──────── DATA EXCERPTS ────────
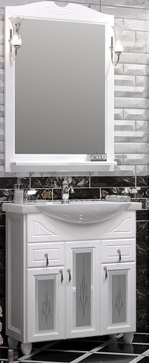 Тумба под раковину Тибет 75 белая, с художественным стеклом
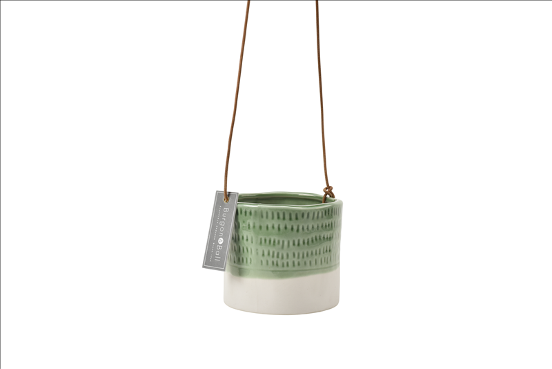 This hanging indoor planter is crafted in durable stoneware, and is fully waterproof. It features a stylish and strong leather hanging cord.
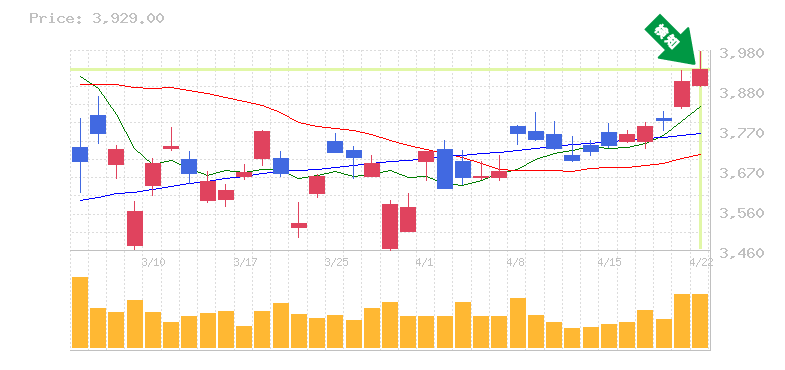 終 値:3929円
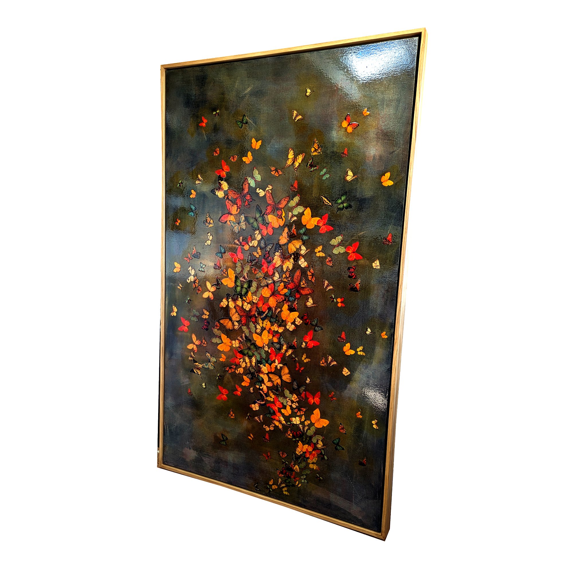 Lily has developed a unique way of working, using reproductions of her own paintings as collage material on a canvas. The butterflies are meticulously painted, reproduced, and cut, ready to use on the canvas. The background is painted with acrylics. The use of collage allows the freedom to play with the composition in a way which would otherwise be impossible, allowing quick changes until a design is settled upon. When the butterfly collage is fixed in place, washes of ink have been applied. Finally, a glossy varnish enhances colour, adds protection, and offers an opulent shine.
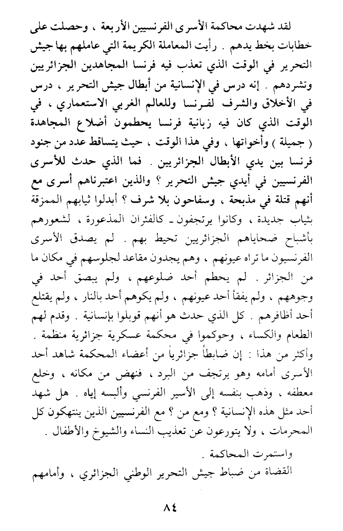لقد شهدت محاكمة الأسرى الفرنسيين الأربعة، وحصلت على خطابات بخط يدهم. رأيت المعاملة الكريمة التي عاملهم بها جيش التحرير في الوقت الذي تعذب فيه فرنسا المجاهدين الجزائريين وتشردهم. إنه درس في الإنسانية من أبطال جيش التحرير، درس في الأخلاق والشرف لفرنسا وللعالم الغربي الاستعماري، في الوقت الذي كان فيه زبانية فرنسا يحطمون أضلاع المجاهدة (جميلة) وأخواتها، وفي هذا الوقت، حيث يتساقط عدد من جنود فرنسا بين يدي الأبطال الجزائريين. فما الذي حدث للأسرى الفرنسيين في أيدي جيش التحرير؟ والذين اعتبرناهم أسرى مع أنهم قتلة في مذبحة، وسفاحون بلا شرف؟ أبدلوا ثيابهم الممزقة بثياب جديدة، وكانوا يرتجفون - كالفئران المذعورة، لشعورهم بأشباح ضحاياهم الجزائريين تحيط بهم. لم يصدق الأسرى الفرنسيون ما تراه عيونهم، وهم يجدون مقاعد لجلوسهم في مكان ما من الجزائر. لم يحطم أحد ضلوعهم، ولم يبصق أحد في وجوههم، ولم يفقأ أحد عيونهم، ولم يكوهم أحد بالنار، ولم يقتلع أحد أظافرهم. كل الذي حدث هو أنهم قوبلوا بإنسانية. وقدم لهم
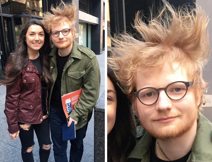 1. When you pose for a photo with Ed Sheeran just as there's a gust of wind!
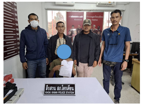 สถานที่เกิดเหตุ หน้าขนำไม่มีเลขที่ ม.7 ต.โคกเคียน อ.เมืองนราธิวาส จว.นราธิวาส ได้นำผู้ต้องหาส่ง พงส.สภ.โคกเคียน เพื่อดำเนินการตามกฎหมายต่อไป
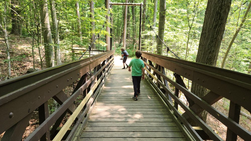 F.A. Seiberling Nature Realm is a beautiful outdoor area with many trails through gardens and wooded areas. Visitors can enjoy three different trails, including Fernwood, Cherry Lane, and Nuthatch, which are mostly dirt, gravel, or paved and are suitable for easy walks. The realm features scenic spots such as Echo and Seneca ponds, and a suspension bridge over a hollow adds to the charm. The gardens and herb areas provide interesting sights and information about native trees and vegetation. The Nature Center has large windows to view the surroundings, and staff are friendly and helpful, especially for families with children. There are indoor and outdoor activities that keep kids occupied, and a covered picnic shelter is available for snacks or lunch. Wildlife sightings, like a beaver crossing the path, add excitement to the visits. The realm is also part of a tradition for many, with visitors completing the Fall Hiking Spree and collecting shields. Overall, it is a peaceful place perfect for walking, exploring nature, and enjoying the scenery.
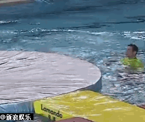 助理出于对跳水的好奇,也在3米板试跳,没想到跳下去的时候发生了意外。
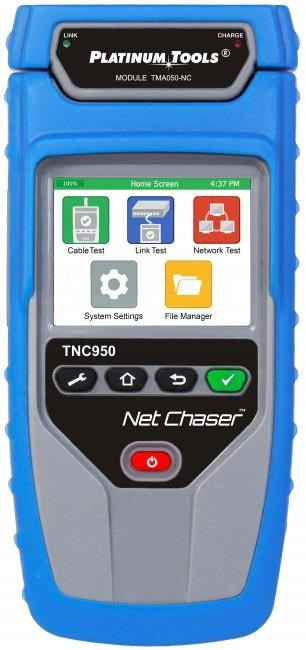 Net Chaser, TNC950-AR je validační přístroj pro datové sítě, používající Bit Error Rate Test (BERT), Signal to Noise Ratio (SNR) a SKEW pro zajištění správné průchodnosti sítě. Identifikuje chyby v kabelu (špatné zapojení, přehozené páry, vzdálenost k nezakončenému kabelu, zkratům a chybám s velkým odporem. Testy mohou být uloženy jako PDF nebo CSV soubory pro lehkou dokumentaci.
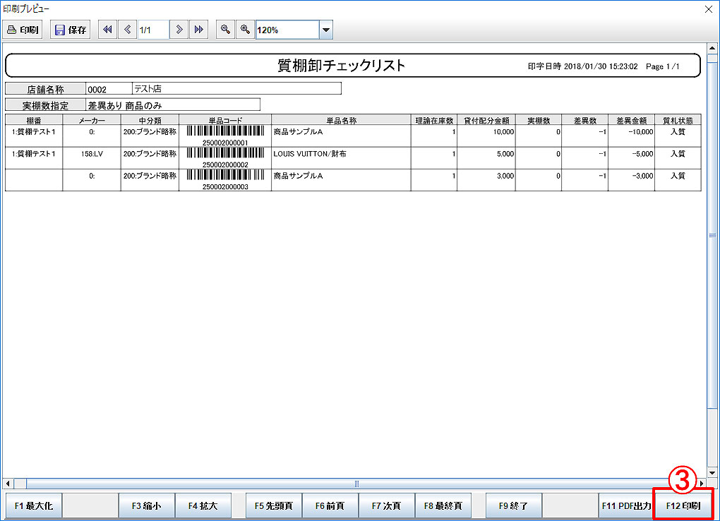 更新終了後、再度「F12印刷」をクリックして棚卸チェックリストを印刷しておいてください。
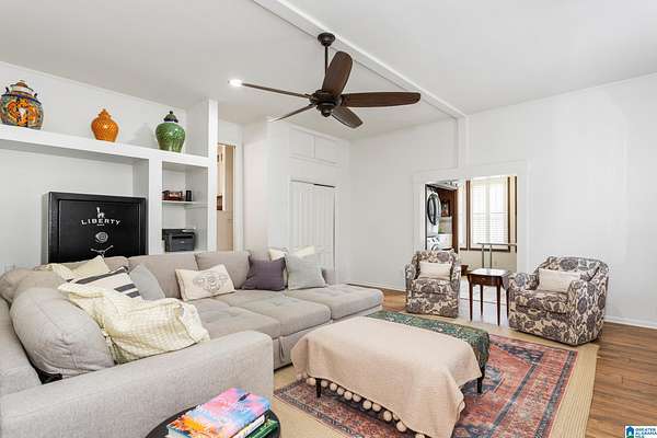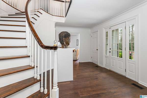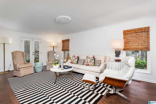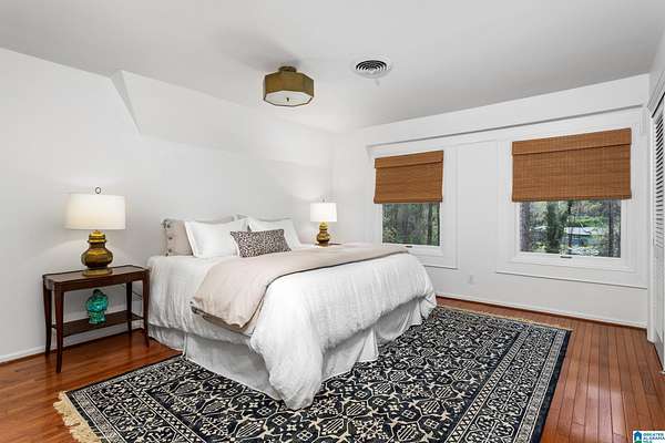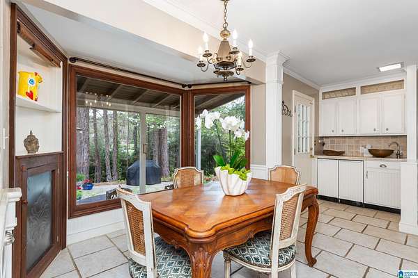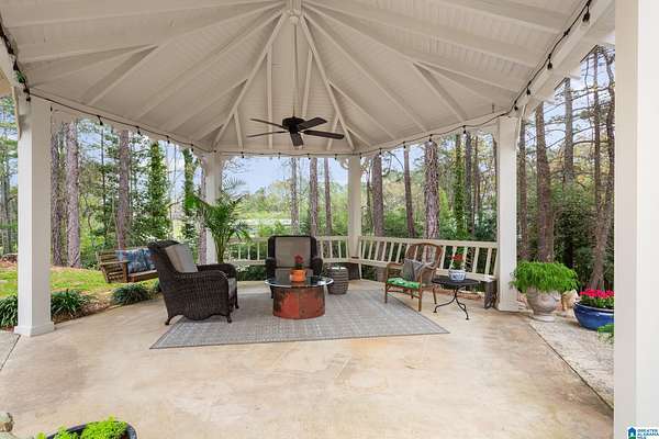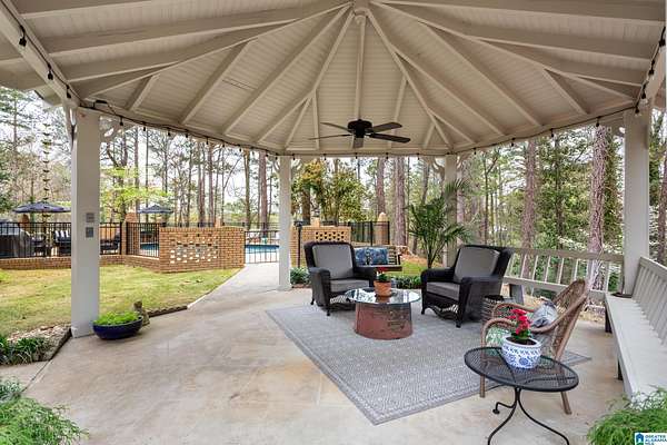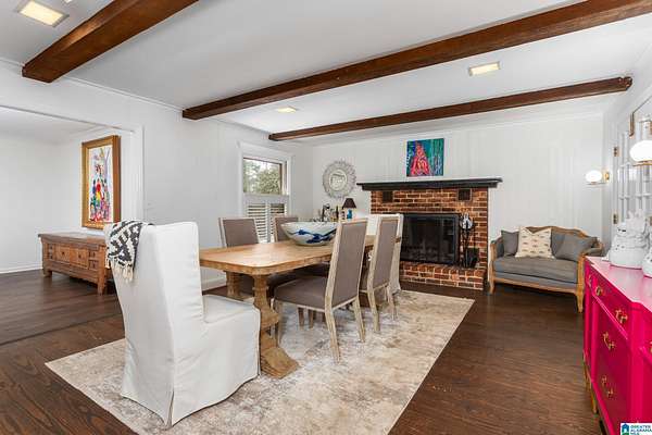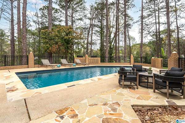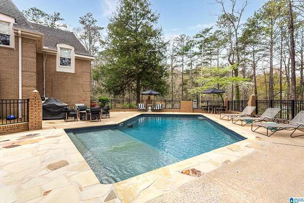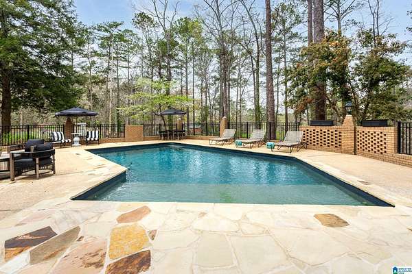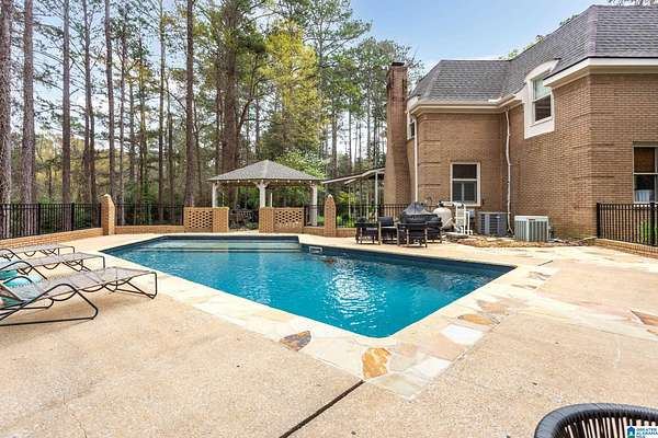 Welcome to this stunning brick estate set back and elevated on 3.4 wooded acres in Heflin! A grand entry with curved spiral staircase and gorgeous hardwood floors sets the tone for the elegance found throughout. Multiple living areas offer flexibility and flow, each thoughtfully designed with beautiful built-ins and cozy fireplaces. The dining room impresses with exposed beam ceilings and a brick fireplace, while a sunlit breakfast area with wraparound windows frames the backyard oasis. The kitchen features white cabinetry, tile backsplash, and a double oven. A shared bath offers double sinks and generously sized bedrooms include walk-in closets and plenty of room to spread out. The spacious master suite boasts a tray ceiling, hardwood floors, and a private bath with separate vanities and a walk-in shower. Outside, the covered gazebo overlooks a sparkling in-ground saltwater pool. All of this less than 20 minutes from the Oxford Exchange. This one is truly special!
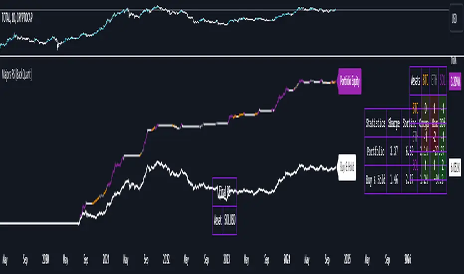 The Majors Rotation System [BackQuant] offers a powerful way to navigate the highly volatile crypto market by rotating between the strongest performing assets and staying in cash when conditions are unfavorable. With its advanced metrics, equity tracking, and built-in regime filter, this system is designed to optimize returns while minimizing risk.
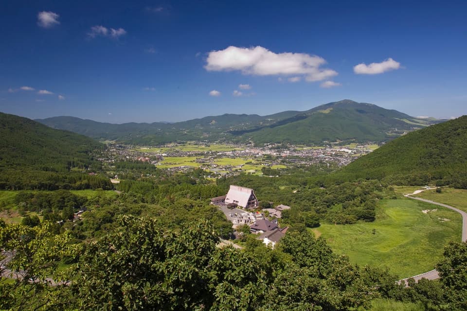 由布岳(標高1,584m)は、豊後富士として知られ万葉集にも詠まれた由布院を象徴する美しい山です。晴天時には由布院盆地、別府湾、くじゅう連山を一望できます。
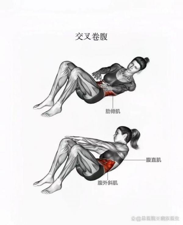 动作要领:身体躺平,腰臀紧贴地面,双脚抬起呈90度。利用核心的力量将肩膀带动向右旋转,右脚弯曲碰至左手手肘,腿不触碰地面,换边动作重复。
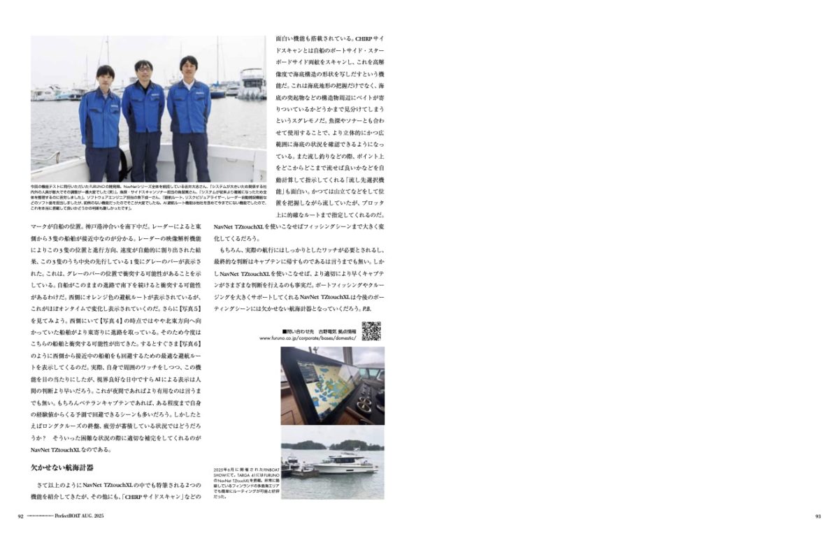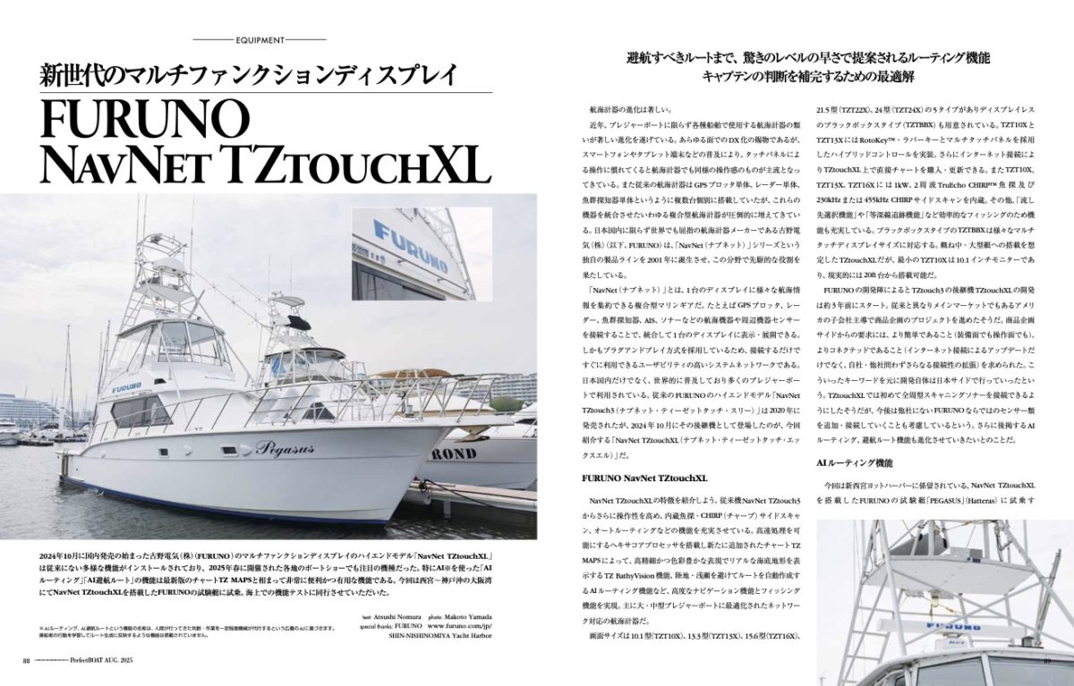 もちろん、実際の航行にはしっかりとしたワッチが必要とされるし、最終的な判断はキャプテンに帰すものであるは言うまでも無い。しかしNavNet TZtouch XLを使いこなせば、より適切により早くキャプテンがさまざまな判断を行えるのも事実だ。ボートフィッシングやクルージングを大きくサポートしてくれるNavNet TZtouch XLは今後のボーティングシーンには欠かせない航海計器となっていくだろう。P.B.
────────
* [WHAT YOU NEED TO DO]
Retype all the entries word for word; the pictures stay out.

* [RESPONSE]
 Тумба под раковину Тибет 75 белая, с художественным стеклом
 This hanging indoor planter is crafted in durable stoneware, and is fully waterproof. It features a stylish and strong leather hanging cord.
 終 値:3929円
 Lily has developed a unique way of working, using reproductions of her own paintings as collage material on a canvas. The butterflies are meticulously painted, reproduced, and cut, ready to use on the canvas. The background is painted with acrylics. The use of collage allows the freedom to play with the composition in a way which would otherwise be impossible, allowing quick changes until a design is settled upon. When the butterfly collage is fixed in place, washes of ink have been applied. Finally, a glossy varnish enhances colour, adds protection, and offers an opulent shine.
لقد شهدت محاكمة الأسرى الفرنسيين الأربعة، وحصلت على خطابات بخط يدهم. رأيت المعاملة الكريمة التي عاملهم بها جيش التحرير في الوقت الذي تعذب فيه فرنسا المجاهدين الجزائريين وتشردهم. إنه درس في الإنسانية من أبطال جيش التحرير، درس في الأخلاق والشرف لفرنسا وللعالم الغربي الاستعماري، في الوقت الذي كان فيه زبانية فرنسا يحطمون أضلاع المجاهدة (جميلة) وأخواتها، وفي هذا الوقت، حيث يتساقط عدد من جنود فرنسا بين يدي الأبطال الجزائريين. فما الذي حدث للأسرى الفرنسيين في أيدي جيش التحرير؟ والذين اعتبرناهم أسرى مع أنهم قتلة في مذبحة، وسفاحون بلا شرف؟ أبدلوا ثيابهم الممزقة بثياب جديدة، وكانوا يرتجفون - كالفئران المذعورة، لشعورهم بأشباح ضحاياهم الجزائريين تحيط بهم. لم يصدق الأسرى الفرنسيون ما تراه عيونهم، وهم يجدون مقاعد لجلوسهم في مكان ما من الجزائر. لم يحطم أحد ضلوعهم، ولم يبصق أحد في وجوههم، ولم يفقأ أحد عيونهم، ولم يكوهم أحد بالنار، ولم يقتلع أحد أظافرهم. كل الذي حدث هو أنهم قوبلوا بإنسانية. وقدم لهم
 1. When you pose for a photo with Ed Sheeran just as there's a gust of wind!
 สถานที่เกิดเหตุ หน้าขนำไม่มีเลขที่ ม.7 ต.โคกเคียน อ.เมืองนราธิวาส จว.นราธิวาส ได้นำผู้ต้องหาส่ง พงส.สภ.โคกเคียน เพื่อดำเนินการตามกฎหมายต่อไป
 F.A. Seiberling Nature Realm is a beautiful outdoor area with many trails through gardens and wooded areas. Visitors can enjoy three different trails, including Fernwood, Cherry Lane, and Nuthatch, which are mostly dirt, gravel, or paved and are suitable for easy walks. The realm features scenic spots such as Echo and Seneca ponds, and a suspension bridge over a hollow adds to the charm. The gardens and herb areas provide interesting sights and information about native trees and vegetation. The Nature Center has large windows to view the surroundings, and staff are friendly and helpful, especially for families with children. There are indoor and outdoor activities that keep kids occupied, and a covered picnic shelter is available for snacks or lunch. Wildlife sightings, like a beaver crossing the path, add excitement to the visits. The realm is also part of a tradition for many, with visitors completing the Fall Hiking Spree and collecting shields. Overall, it is a peaceful place perfect for walking, exploring nature, and enjoying the scenery.
 助理出于对跳水的好奇,也在3米板试跳,没想到跳下去的时候发生了意外。
 Net Chaser, TNC950-AR je validační přístroj pro datové sítě, používající Bit Error Rate Test (BERT), Signal to Noise Ratio (SNR) a SKEW pro zajištění správné průchodnosti sítě. Identifikuje chyby v kabelu (špatné zapojení, přehozené páry, vzdálenost k nezakončenému kabelu, zkratům a chybám s velkým odporem. Testy mohou být uloženy jako PDF nebo CSV soubory pro lehkou dokumentaci.
 更新終了後、再度「F12印刷」をクリックして棚卸チェックリストを印刷しておいてください。
 Welcome to this stunning brick estate set back and elevated on 3.4 wooded acres in Heflin! A grand entry with curved spiral staircase and gorgeous hardwood floors sets the tone for the elegance found throughout. Multiple living areas offer flexibility and flow, each thoughtfully designed with beautiful built-ins and cozy fireplaces. The dining room impresses with exposed beam ceilings and a brick fireplace, while a sunlit breakfast area with wraparound windows frames the backyard oasis. The kitchen features white cabinetry, tile backsplash, and a double oven. A shared bath offers double sinks and generously sized bedrooms include walk-in closets and plenty of room to spread out. The spacious master suite boasts a tray ceiling, hardwood floors, and a private bath with separate vanities and a walk-in shower. Outside, the covered gazebo overlooks a sparkling in-ground saltwater pool. All of this less than 20 minutes from the Oxford Exchange. This one is truly special!
 The Majors Rotation System [BackQuant] offers a powerful way to navigate the highly volatile crypto market by rotating between the strongest performing assets and staying in cash when conditions are unfavorable. With its advanced metrics, equity tracking, and built-in regime filter, this system is designed to optimize returns while minimizing risk.
 由布岳(標高1,584m)は、豊後富士として知られ万葉集にも詠まれた由布院を象徴する美しい山です。晴天時には由布院盆地、別府湾、くじゅう連山を一望できます。
 动作要领:身体躺平,腰臀紧贴地面,双脚抬起呈90度。利用核心的力量将肩膀带动向右旋转,右脚弯曲碰至左手手肘,腿不触碰地面,换边动作重复。
 もちろん、実際の航行にはしっかりとしたワッチが必要とされるし、最終的な判断はキャプテンに帰すものであるは言うまでも無い。しかしNavNet TZtouch XLを使いこなせば、より適切により早くキャプテンがさまざまな判断を行えるのも事実だ。ボートフィッシングやクルージングを大きくサポートしてくれるNavNet TZtouch XLは今後のボーティングシーンには欠かせない航海計器となっていくだろう。P.B.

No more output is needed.